== Segment start ==

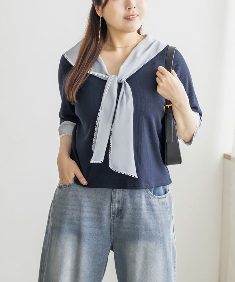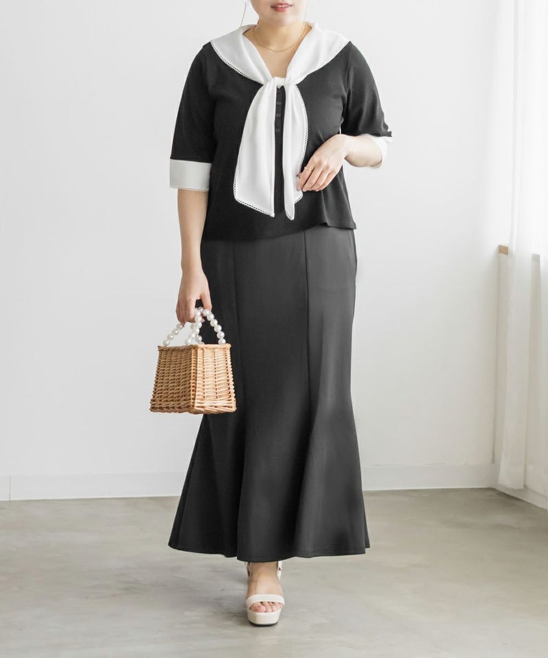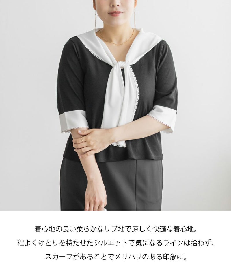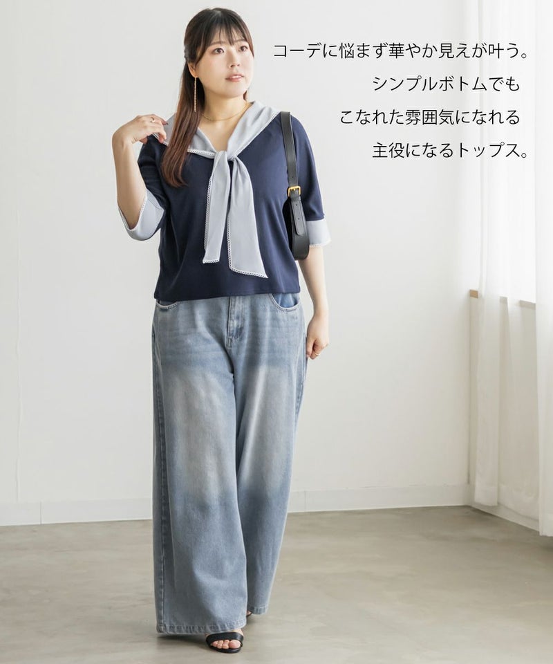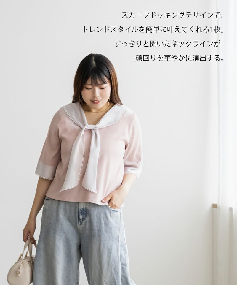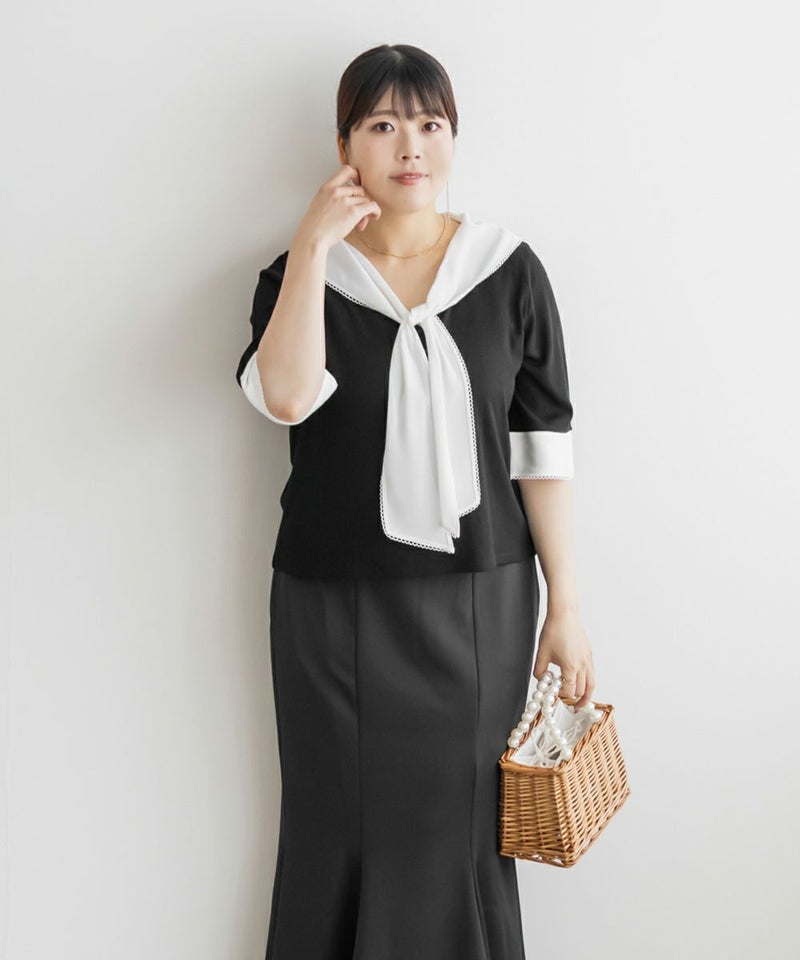 3Lサイズを着て、バストまわりや腕もほどよくゆとりがあり、体のラインを拾わず快適な着心地でした!薄手で柔らかなリブカットソーで、真夏でも涼しく着られます◎1枚でコーデが華やぐ、主役級プルオーバーです!胸元にあしらわれたスカーフ風デザインが目を引き、レイヤード風のディテールで着るだけでおしゃれ感がアップします!裾はタックアウトでもバランス良く決まり、オンにもオフにも活躍しそう♪スカーフがあることで背中周りもカバーしてくれます!トレンドのスカーフを取り入れやすいデザインなので今っぽく決まります◎デニムには勿論、スカートとも相性抜群です!
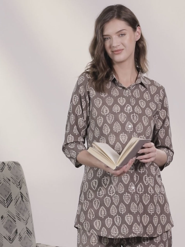 Our 2-piece brown printed cotton loungewear set features an ethnic motifs print kurti with a shirt-collar and three-quarter sleeves. Complemented with a printed slip-on pyjama with roomy pockets, this style is ideal for lounging in as well as running errands.
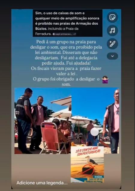 "Pedi a um grupo na praia para desligar o som, que era proibido pela lei ambiental. Disseram que não desligariam. Fui até a delegacia pedir ajuda. Fui ajudada! Os fiscais vieram para a praia fazer valer a lei. O grupo foi obrigado a desligar o som", disse no Instagram.
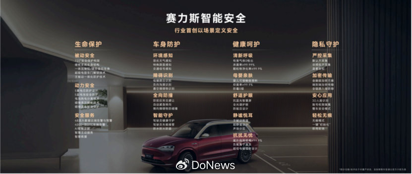 赛力斯把“打造整车极致安全”刻入企业生存底线,在业内率先开创“以场景定义安全”的核心理念,构建起智能安全体系,该体系覆盖“生命保护、车身防护、健康呵护、隐私守护”四大领域,能全方位守护人、车、物安全,为用户提供全生命周期的安全保障,切实践行“安全是最大的豪华” 。
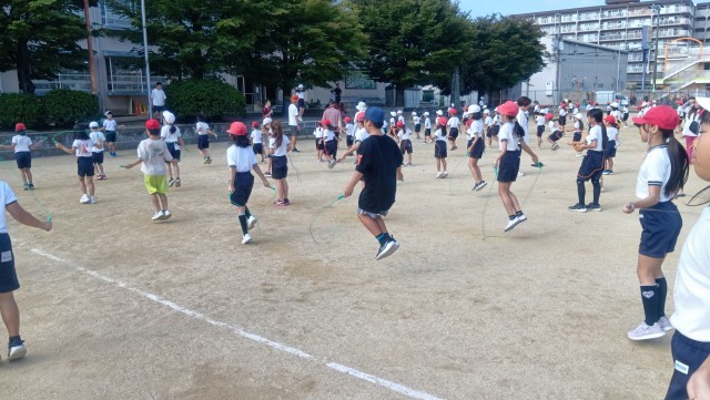 今日の朝の運動(縄跳び)のめあては「リズムよく前跳びをする」です。毎回めあてが変わります。少し練習しただけでも随分変わります。

== Segment end ==

• [What you need to do]:
Restate the records word for word, omitting images.

• [Exercise result]:
 3Lサイズを着て、バストまわりや腕もほどよくゆとりがあり、体のラインを拾わず快適な着心地でした!薄手で柔らかなリブカットソーで、真夏でも涼しく着られます◎1枚でコーデが華やぐ、主役級プルオーバーです!胸元にあしらわれたスカーフ風デザインが目を引き、レイヤード風のディテールで着るだけでおしゃれ感がアップします!裾はタックアウトでもバランス良く決まり、オンにもオフにも活躍しそう♪スカーフがあることで背中周りもカバーしてくれます!トレンドのスカーフを取り入れやすいデザインなので今っぽく決まります◎デニムには勿論、スカートとも相性抜群です!
 Our 2-piece brown printed cotton loungewear set features an ethnic motifs print kurti with a shirt-collar and three-quarter sleeves. Complemented with a printed slip-on pyjama with roomy pockets, this style is ideal for lounging in as well as running errands.
 "Pedi a um grupo na praia para desligar o som, que era proibido pela lei ambiental. Disseram que não desligariam. Fui até a delegacia pedir ajuda. Fui ajudada! Os fiscais vieram para a praia fazer valer a lei. O grupo foi obrigado a desligar o som", disse no Instagram.
 赛力斯把“打造整车极致安全”刻入企业生存底线,在业内率先开创“以场景定义安全”的核心理念,构建起智能安全体系,该体系覆盖“生命保护、车身防护、健康呵护、隐私守护”四大领域,能全方位守护人、车、物安全,为用户提供全生命周期的安全保障,切实践行“安全是最大的豪华” 。
 今日の朝の運動(縄跳び)のめあては「リズムよく前跳びをする」です。毎回めあてが変わります。少し練習しただけでも随分変わります。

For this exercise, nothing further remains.